I prepared myself for a total meltdown.
There were a couple of those:
Buying boots at a store in New York just off the plane. The
ceiling was a mirror and I couldn’t find a single salesperson to help me. I
just needed to know where I could find socks!
Having my hair straightened. After having arguably no hair
for a year, a boys hair cut for a year, and now this tangled mop from Peace
Corps, straight, shoulder-length hair for the first time in 3 years made me
feel like I had had a head transplant.
Having the same conversation about Africa 10 times. With a
band playing outside and a loonng line in a crowded bar. (not that I didn’t
love sharing with people who were genuinely interested in my experience. Just
without a lot of pauses for breath it got a bit overwhelming..)
But other than those few moments when I was unable to cope
with my stress, being home went surprisingly well. I conquered the New York
subway – only taking the wrong train once. Got to see my wonderful family and
spend time with so many great friends. They had lots to update me on.. I ate a
TON of good food. Drank some good beer. Played with our now HUGE dog – he was a
puppy when I left. Didn’t fall down in heels at my cousins wedding. And even got
to do a couple publicity gigs in my hometown.
I won’t give you a play by play of all my activities because
well.. they weren’t really abnormal for anyone but me. You’d probably get the
impression that I was writing about your daily routine..
However, there were a few major conclusions I made at home
that were directly influenced by my 10
months in Africa:
1. Talking to strangers is weird.
In Africa, you say hi to everyone. Ask about their kids,
wife, job, health, if they woke up well that day, etc. Then you say you’ll see
each other soon and continue on your way. You take a walk 10 minutes up the
street and pass 10 people. You say hi to all 10 of those people.

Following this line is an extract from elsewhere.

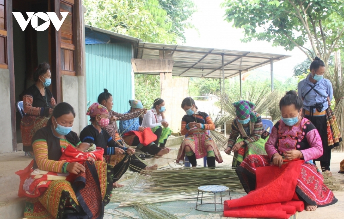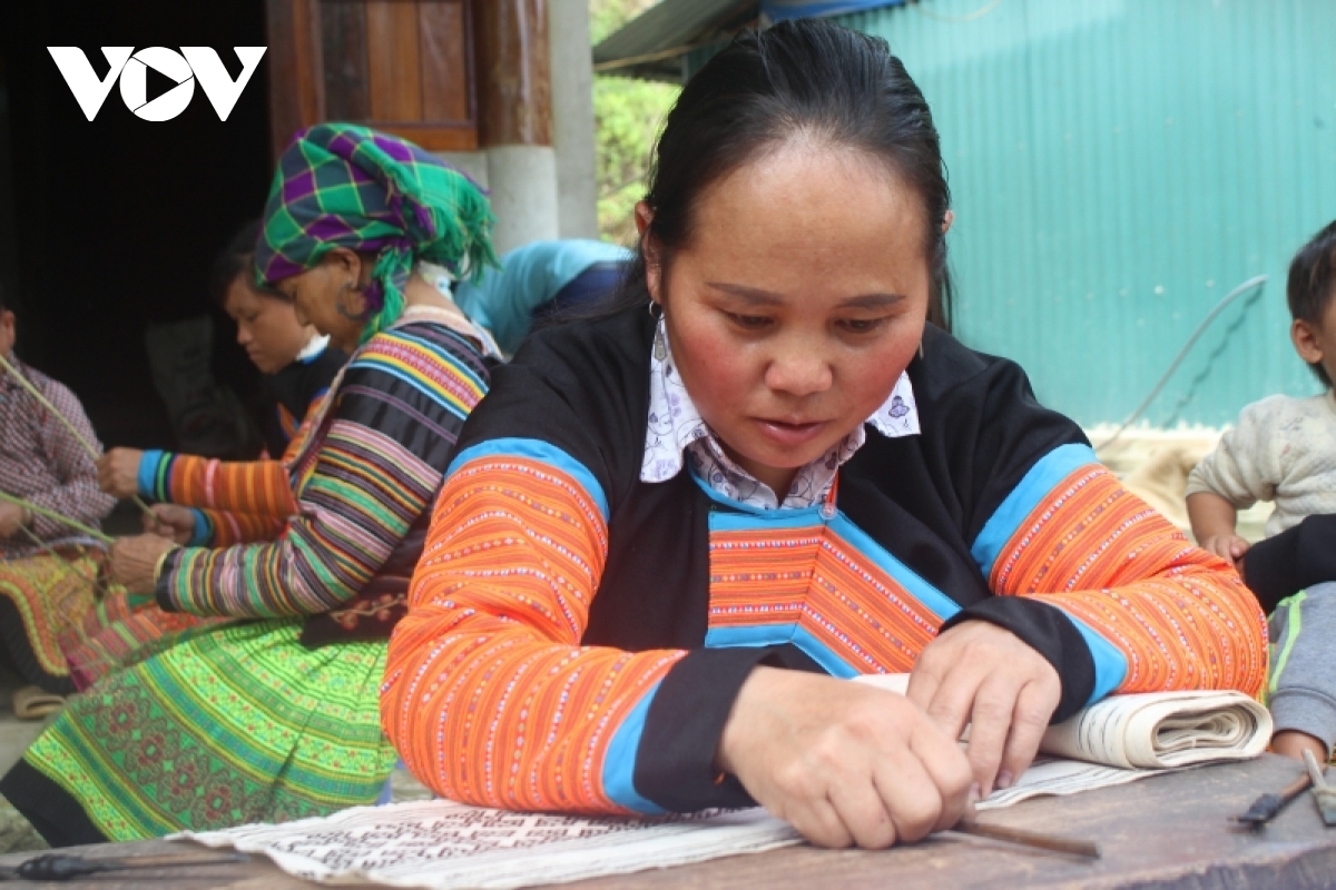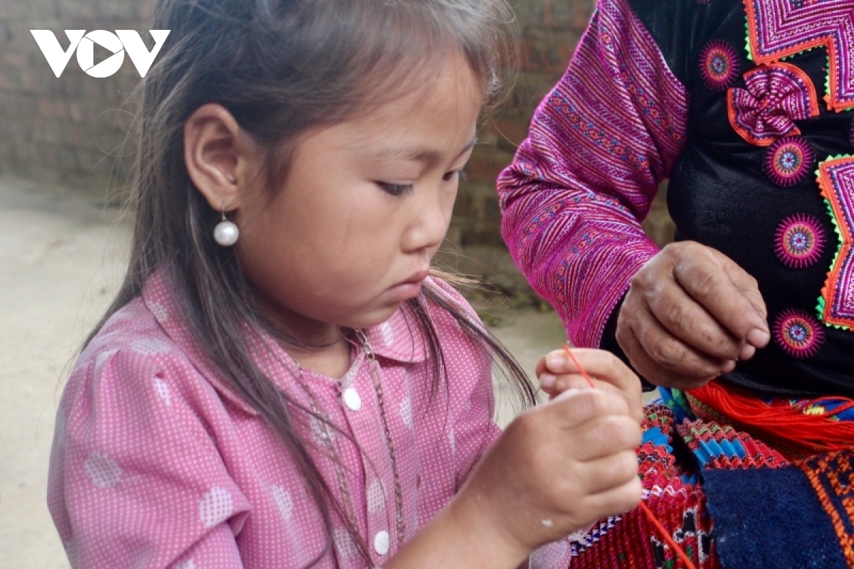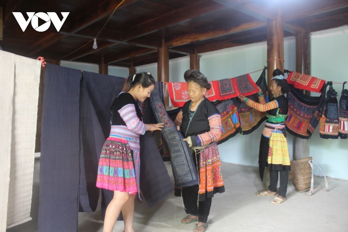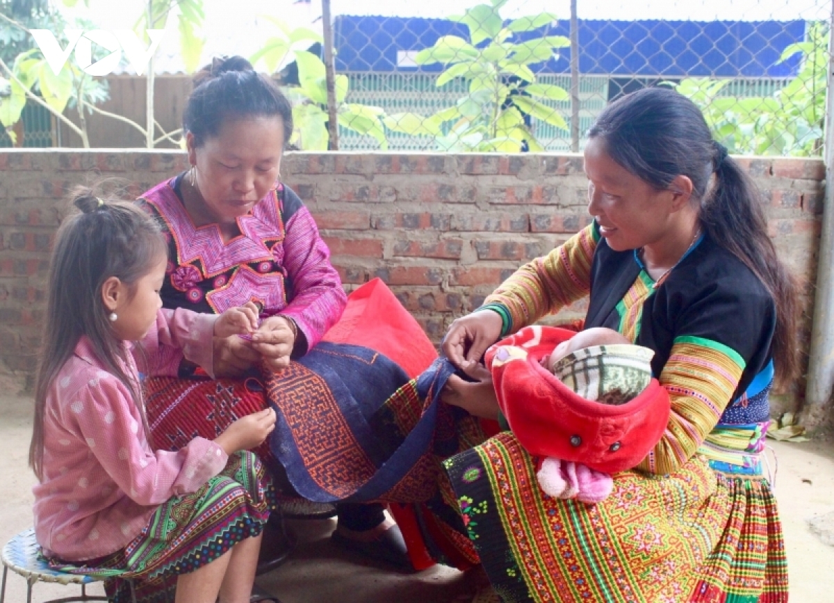 ![]() Traditional decorative patterns of the Mong people can be seen on their linen sheets. |

Forgot it’s a bit different in other parts of the world..
Fresh off the plane, I make my way to the subway and find a
seat. Everyone had their eyes dead ahead, pretending not to notice anyone
around them. They’re prepared to just ride in silence from point A to point B.
Some may be distracted by a book or a conversation with a friend, but most
exist alone with their thoughts. Headed to Brooklyn, this guy hops on the train,
all dressed in black with thick rimmed glasses and a guitar. He pulls out his
instrument and gives a passionate performance of “There She Goes” by The
Las.
The whole time, I’m singing along in my head and thinking,
“God New York is awesome. 15 minutes and I’ve already seen live music on the
train. What else is in store?!“ After he wrapped up, he took a bow and hurried
off the next car. On his way, I touched his arm and told him he’d made my day.
I could tell I’d taken him buy surprise. He gave me an odd look, a quick
thanks, and rushed away. I turned to the guy next to me and said, “Hey, that
was pretty cool, huh?” Second odd look and a “Uhh yeah. I guess so.”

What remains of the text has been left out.